Defensoría rechaza amenazas contra el registrador nacional realizadas desde cuentas anónimas
La entidad hizo un llamado a la Fiscalía y a las compañías tecnológicas a intervenir.
Noticias RCN
03:46 p. m.
Habiendo pasado casi 50 días de las elecciones presidenciales, en las que Abelardo de la Espriella logró superar en votos a Iván Cepeda, la Defensoría del Pueblo rechazó los mensajes intimidatorios de cuentas anónimas que, en redes sociales, promueven acciones violentas contra el registrador nacional, Hernán Penagos, otros servidores de la Registraduría y sus instalaciones físicas.
La entidad insiste en que “la Registraduría Nacional del Estado Civil cumple funciones esenciales para garantizar los derechos políticos, a través de procedimientos sujetos a controles, verificaciones, auditorías y observación, por lo que la protección de quienes ejercen estas funciones es indispensable para el desarrollo libre del proceso electoral y el fortalecimiento de la democracia”.
Cuestionamientos sí, pero los discursos de odio y la promoción de actos violentos no:
Desde la Defensoría recordaron que, si bien “las observaciones y los cuestionamientos sobre los procesos y resultados electorales son legítimos en una democracia, pero deben tramitarse de manera pacífica y mediante los mecanismos institucionales previstos para ello”.
El hostigamiento y las amenazas realizadas en redes sociales y plataformas digitales contra los funcionarios de la Registraduría debilitan la democracia y el debate; lo que, tristemente, ha ido normalizándose, según la entidad.
Un llamado que involucra a los usuarios, pero también a las entidades y compañías tecnológicas:
En respuesta a la ola de violencia registrada en redes contra el registrador y otros funcionarios desde las elecciones de segunda vuelta, el pasado 21 de junio, la Registraduría hizo un llamado enfático a los ciudadanos y actores políticos a rechazar y denunciar cualquier acto de intimidación.
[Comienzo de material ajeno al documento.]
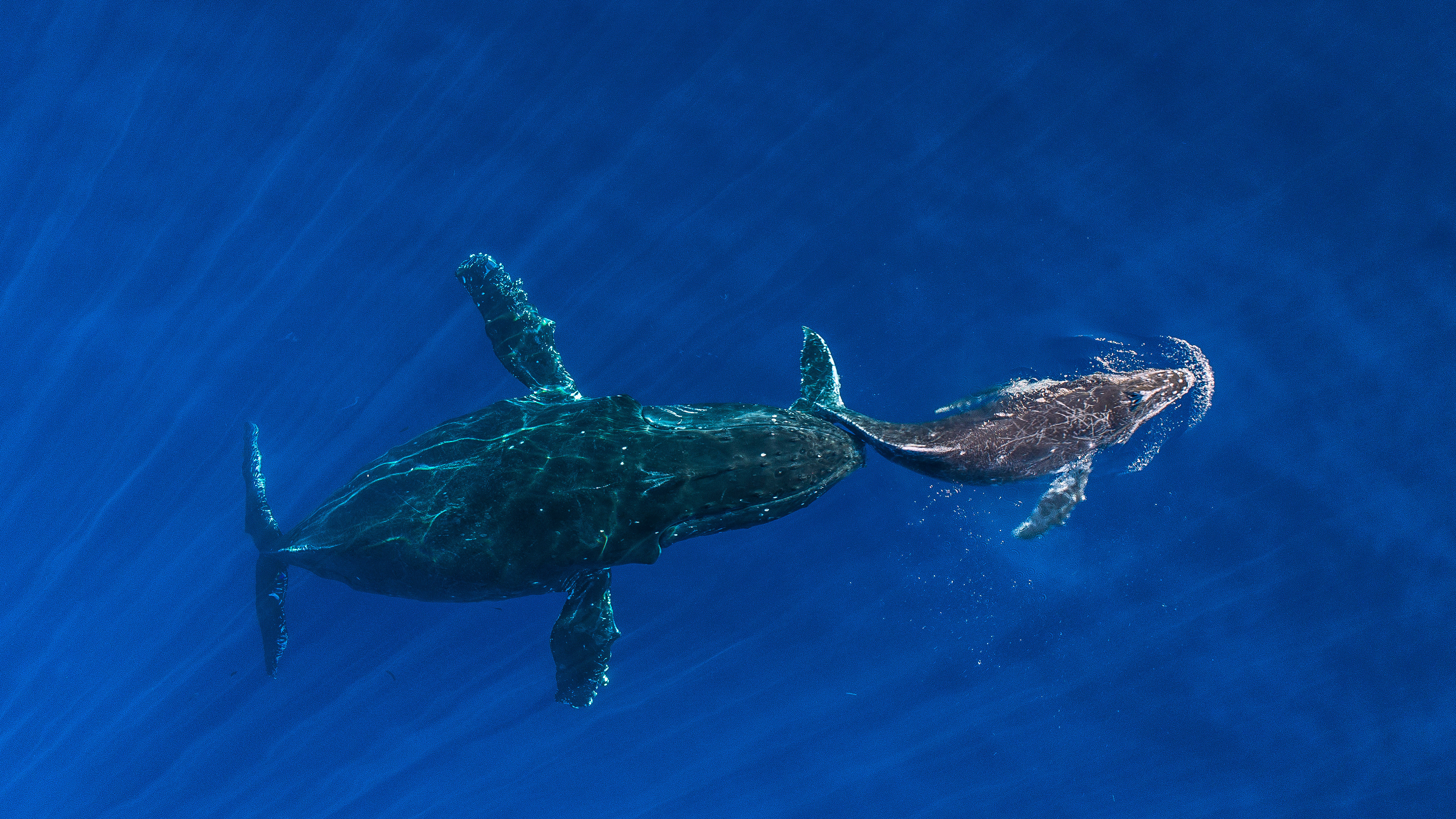 2021-03-25 | Humpback whale mother pushes her sleeping calf to the surface, Maui, Hawaii (© Ralph Pace/Minden Pictures)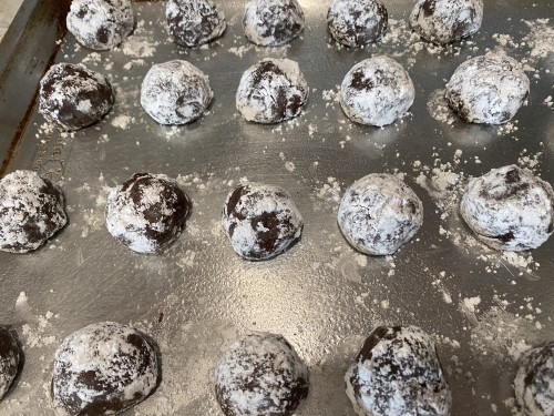 Then you’re going to scoop out tablespoons of dough and roll them in the powdered sugar.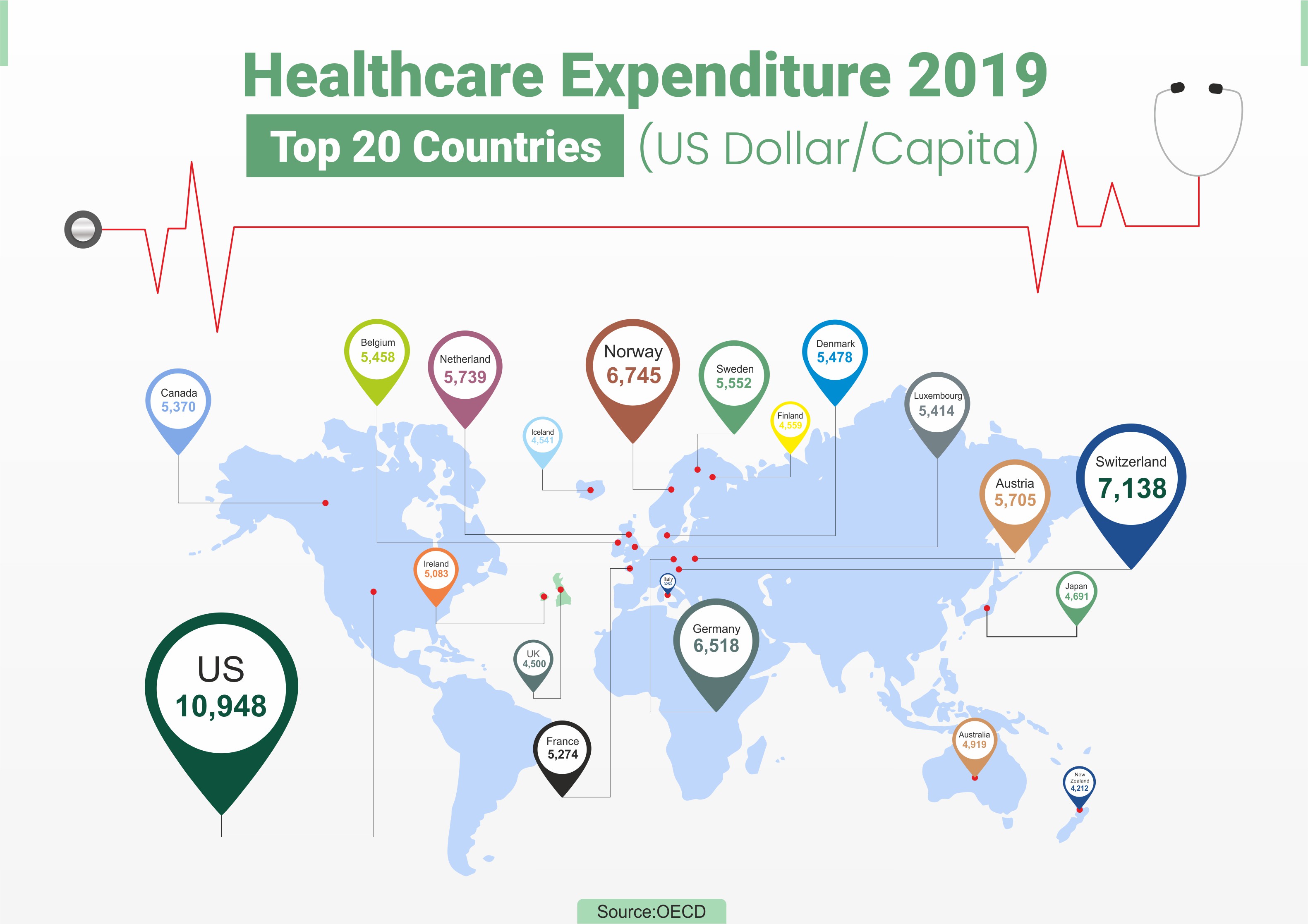 The graph below shows the per-capita healthcare spending of top 20 countries.

Además, solicitó a la Fiscalía “adelantar las actuaciones que correspondan frente a las amenazas y expresiones que, por no estar amparadas por la libertad de expresión, puedan constituir delitos”, preservando la evidencia, a las compañías tecnológicas a reforzar su control sobre algunos contenidos y a la Unidad Nacional de Protección a evaluar y garantizar la seguridad de los funcionarios de la Registraduría.